In Australia, as elsewhere, Mammon carries his curse with him and his worshippers must partake of it. Drunkenness, crime and immorality, in every shape, are the characteristics of such a society as is now gathering in the gold districts. There are thousands of respectable families in England whose interest it will be to emigrate, but who would not encounter such a condition for all the gold Australia contains.

To the poorest of the aristocracy of England, Australia offers an enticing filed. But they must be careful to leave their aristocracy at home. Rank and title have no charms at the antipodes; and the most they could effect for the bearers, would be an occasional lionization at snob dinners in the town in which the aristocrat may be wasting his time, the remark that “he was like a potato: all that was good belonging to him was underground.”
The majority of colonists are essentially snobs, and they are justly proud of their distinction. “I landed in the colony without a shilling, and am worth a hundred thousand pounds,” has infinitely more charms for them, than “I am a descendant of a lord, and am “as poor as a rat.” Put the two men together, – the one will be worshipped, and the other cut; unless with his aristocracy he evince a decided aptitude for snobbish pursuits, and then he will receive a helping hand, which will be infinitely more use to him than his aristocratic reminiscences.
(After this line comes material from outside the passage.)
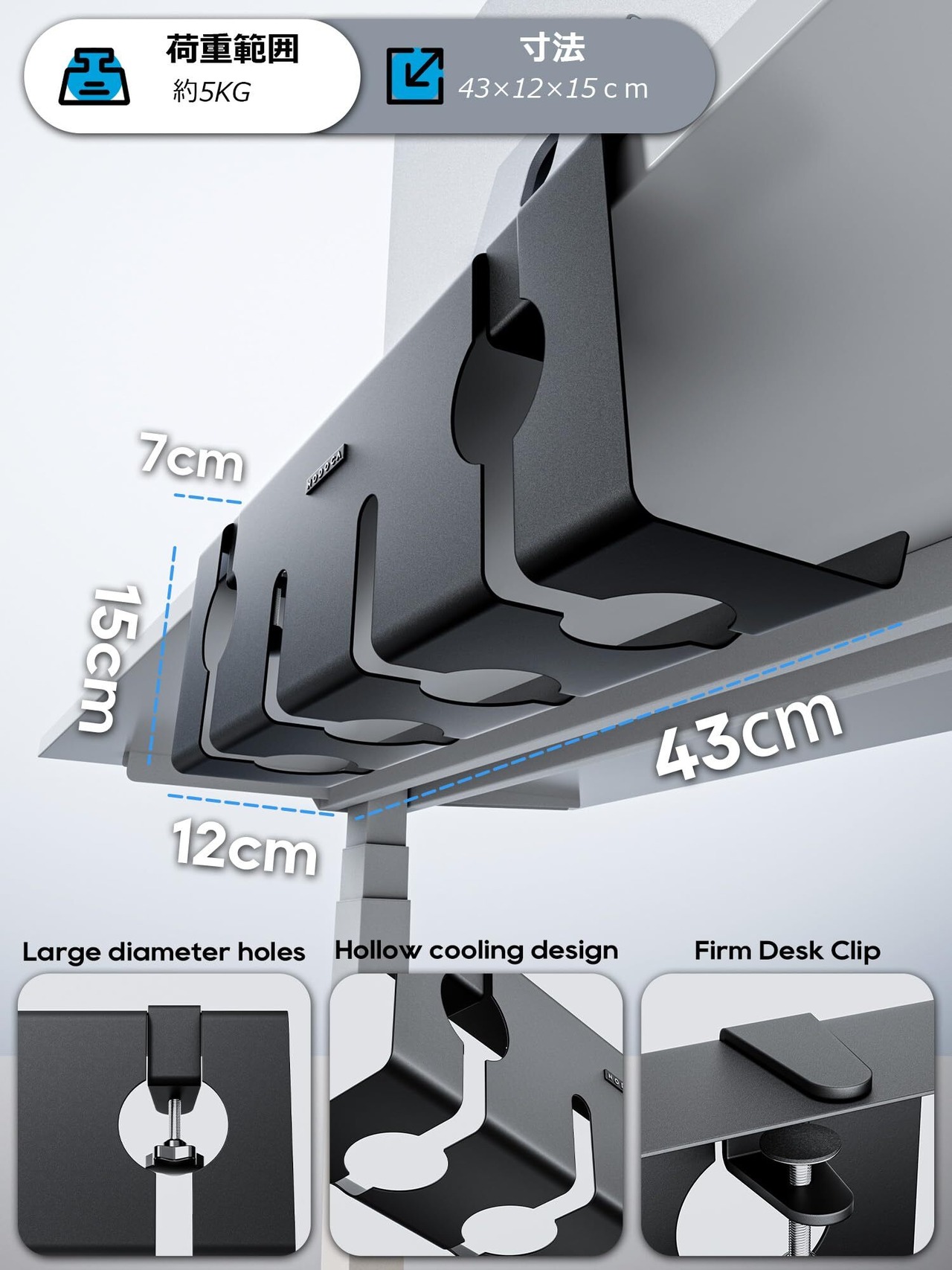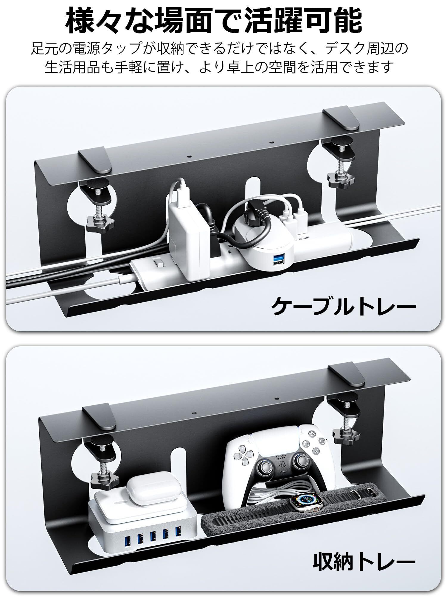 特徴:裏側にも(外向き)挟んで取り付けが可能です。ケーブルラック素材:スチール、優れた耐久性 滑り止め付き。最大積載質量:5kg、天板必要奥行:5cm以上、クランプ固定式(取り付け部に丸みや段差、凹凸のある天板にはご使用いただけません)。

Australian squatters and gold hunters are well to do in the world, and have abundant means of creating desirable homes.

Industrious young women, even though with little pretensions to beauty, would not be long in finding such homes; but fine ladies, possessing nothing beyond the trashy accomplishments which in England are thought much of, would not only not succeed in forming favourable alliances, but would run the risk of the lowest social denigration.

The heights of Woolloomooloo, rising above the city, are crowned with the truly elegant villas of the elite of Sydney society – composed of men who have, for the most part, become so by their own efforts, aided, it is true, by the luck of circumstance, which, however, often casts them down, even from the Woolloomooloo heights, only to find themselves back in the course of a few years, – for there is nothing on earth as elastic as a Sydney merchant. You may cast him down, but it is impossible to keep him down.